• EXERCISE MATERIALS:
- - - - -
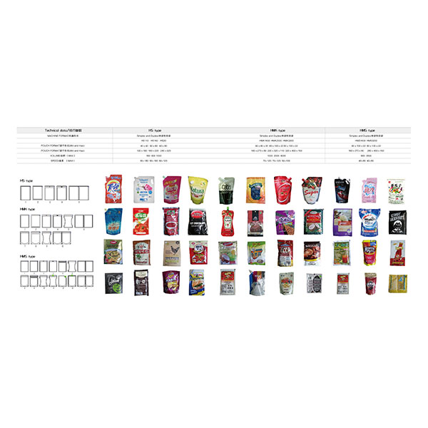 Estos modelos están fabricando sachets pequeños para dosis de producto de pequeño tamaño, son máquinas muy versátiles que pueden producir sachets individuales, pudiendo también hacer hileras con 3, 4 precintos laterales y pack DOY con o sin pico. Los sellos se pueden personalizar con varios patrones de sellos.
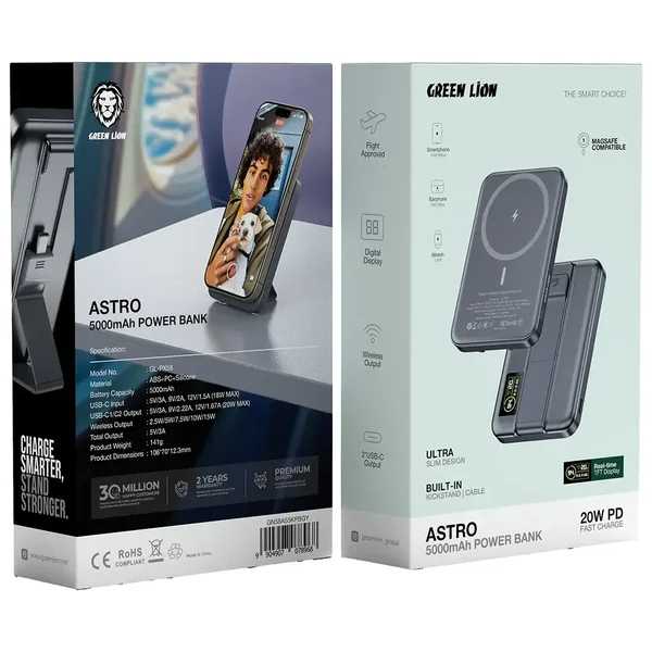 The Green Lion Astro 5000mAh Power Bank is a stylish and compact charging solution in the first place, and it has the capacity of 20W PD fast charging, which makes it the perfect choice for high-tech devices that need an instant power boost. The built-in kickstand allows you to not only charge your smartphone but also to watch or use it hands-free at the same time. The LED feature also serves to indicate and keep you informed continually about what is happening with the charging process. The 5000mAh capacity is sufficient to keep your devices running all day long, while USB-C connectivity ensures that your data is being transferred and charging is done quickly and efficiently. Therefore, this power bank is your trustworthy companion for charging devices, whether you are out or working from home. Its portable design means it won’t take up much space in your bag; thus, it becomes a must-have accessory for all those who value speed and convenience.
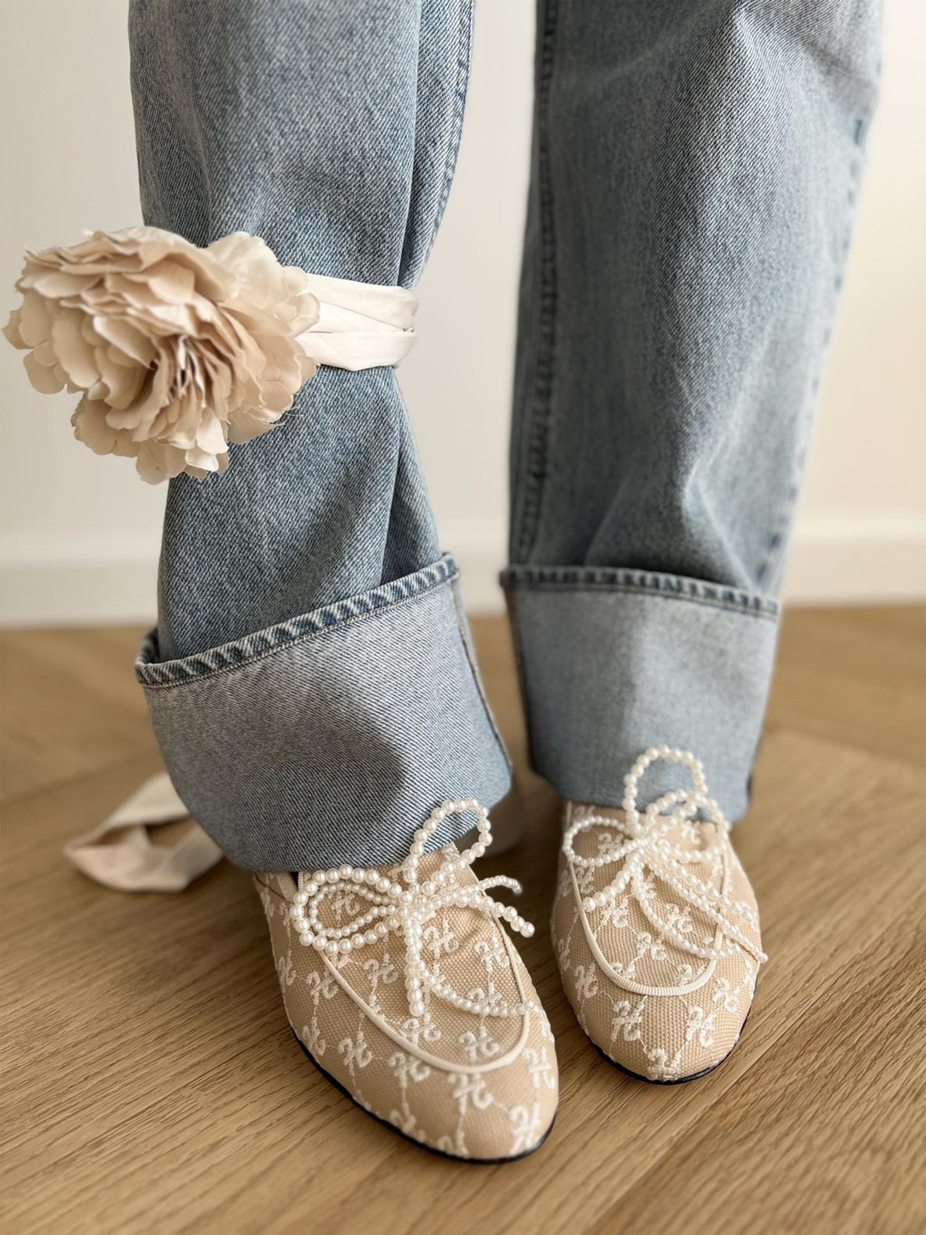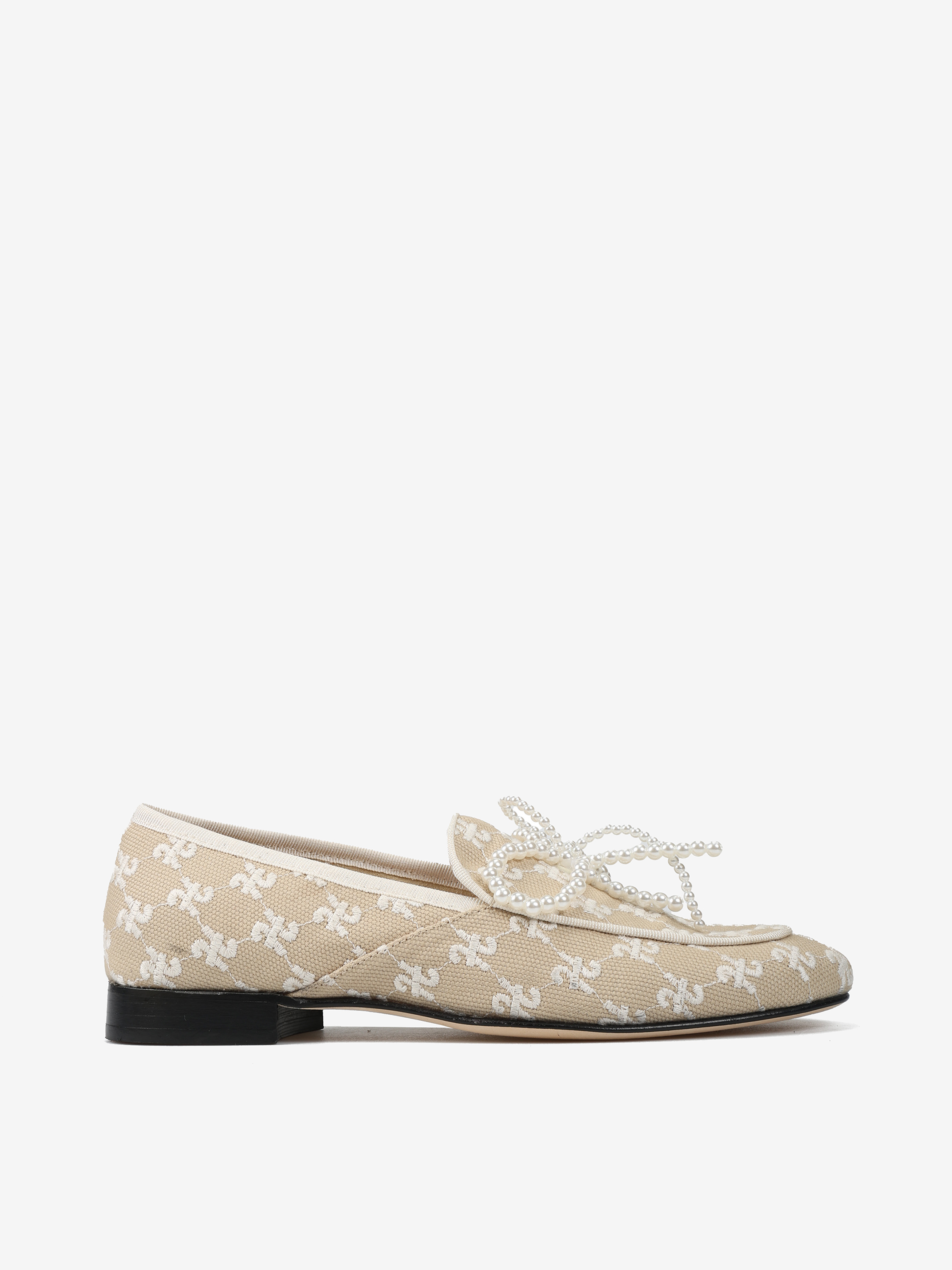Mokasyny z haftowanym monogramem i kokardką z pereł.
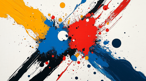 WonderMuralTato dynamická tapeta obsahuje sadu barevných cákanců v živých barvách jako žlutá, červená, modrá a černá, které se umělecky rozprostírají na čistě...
- - - - -
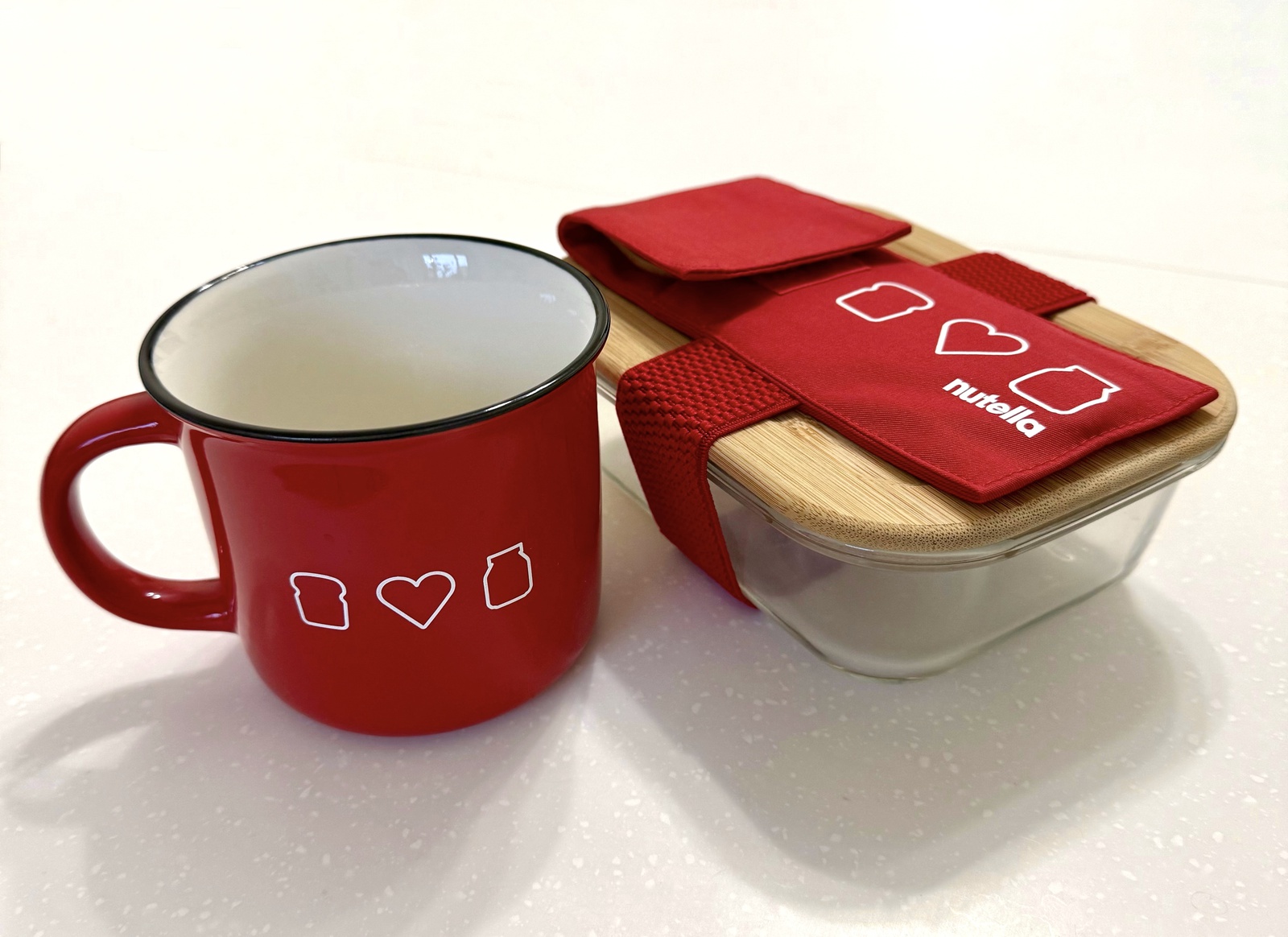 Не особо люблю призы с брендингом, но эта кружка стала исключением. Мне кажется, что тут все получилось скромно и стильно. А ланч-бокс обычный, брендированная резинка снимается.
- - - - -
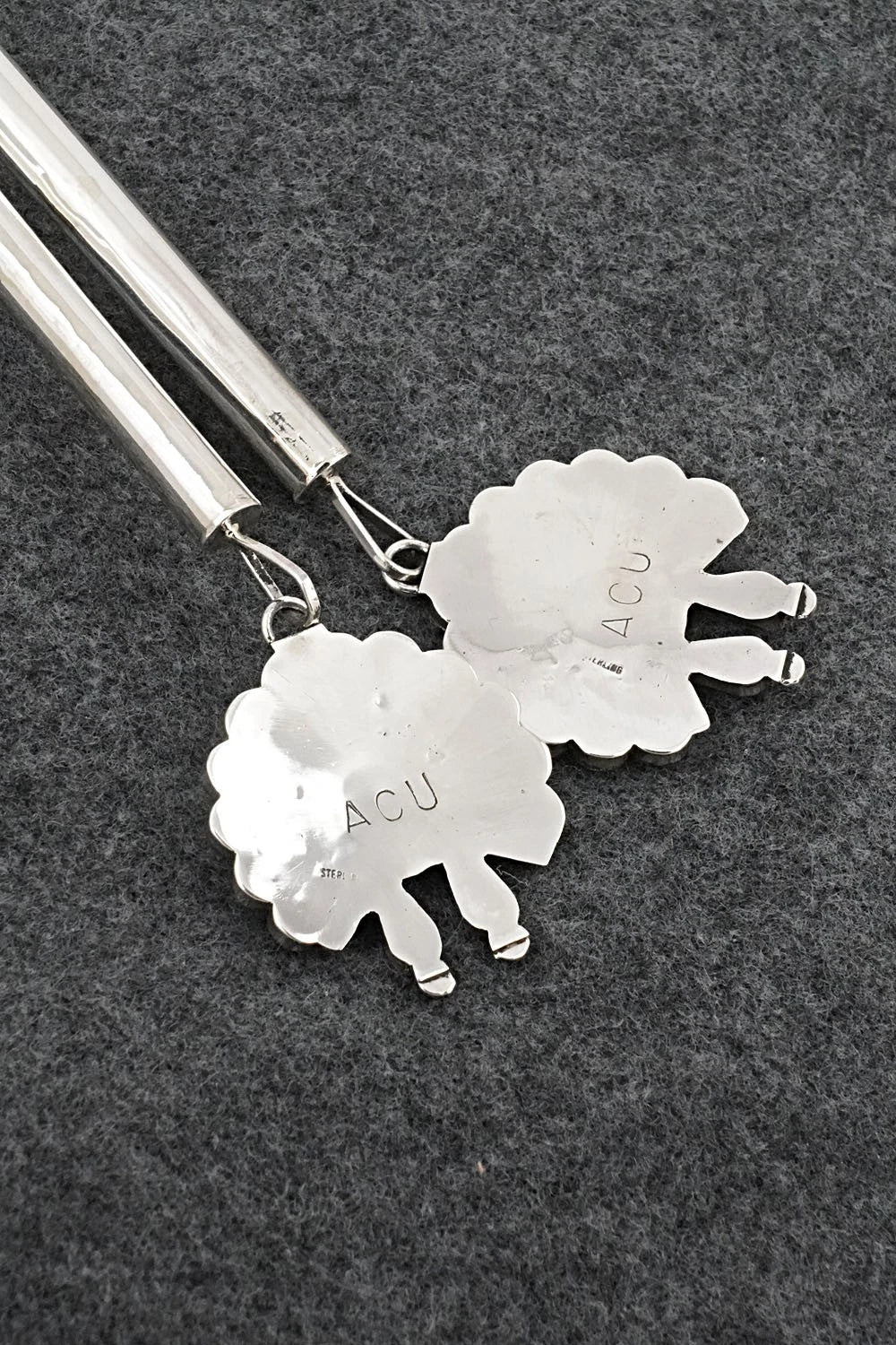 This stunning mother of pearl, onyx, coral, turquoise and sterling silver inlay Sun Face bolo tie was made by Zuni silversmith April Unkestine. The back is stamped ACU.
- - - - -
• WORK TO COMPLETE:
When copying from the data above, print only the lines from the line containing "Estos modelos están" to the line containing "The Green Lion", exactly, and leave the pictures out.

• EXERCISE SOLUTION:
 Estos modelos están fabricando sachets pequeños para dosis de producto de pequeño tamaño, son máquinas muy versátiles que pueden producir sachets individuales, pudiendo también hacer hileras con 3, 4 precintos laterales y pack DOY con o sin pico. Los sellos se pueden personalizar con varios patrones de sellos.
 The Green Lion Astro 5000mAh Power Bank is a stylish and compact charging solution in the first place, and it has the capacity of 20W PD fast charging, which makes it the perfect choice for high-tech devices that need an instant power boost. The built-in kickstand allows you to not only charge your smartphone but also to watch or use it hands-free at the same time. The LED feature also serves to indicate and keep you informed continually about what is happening with the charging process. The 5000mAh capacity is sufficient to keep your devices running all day long, while USB-C connectivity ensures that your data is being transferred and charging is done quickly and efficiently. Therefore, this power bank is your trustworthy companion for charging devices, whether you are out or working from home. Its portable design means it won’t take up much space in your bag; thus, it becomes a must-have accessory for all those who value speed and convenience.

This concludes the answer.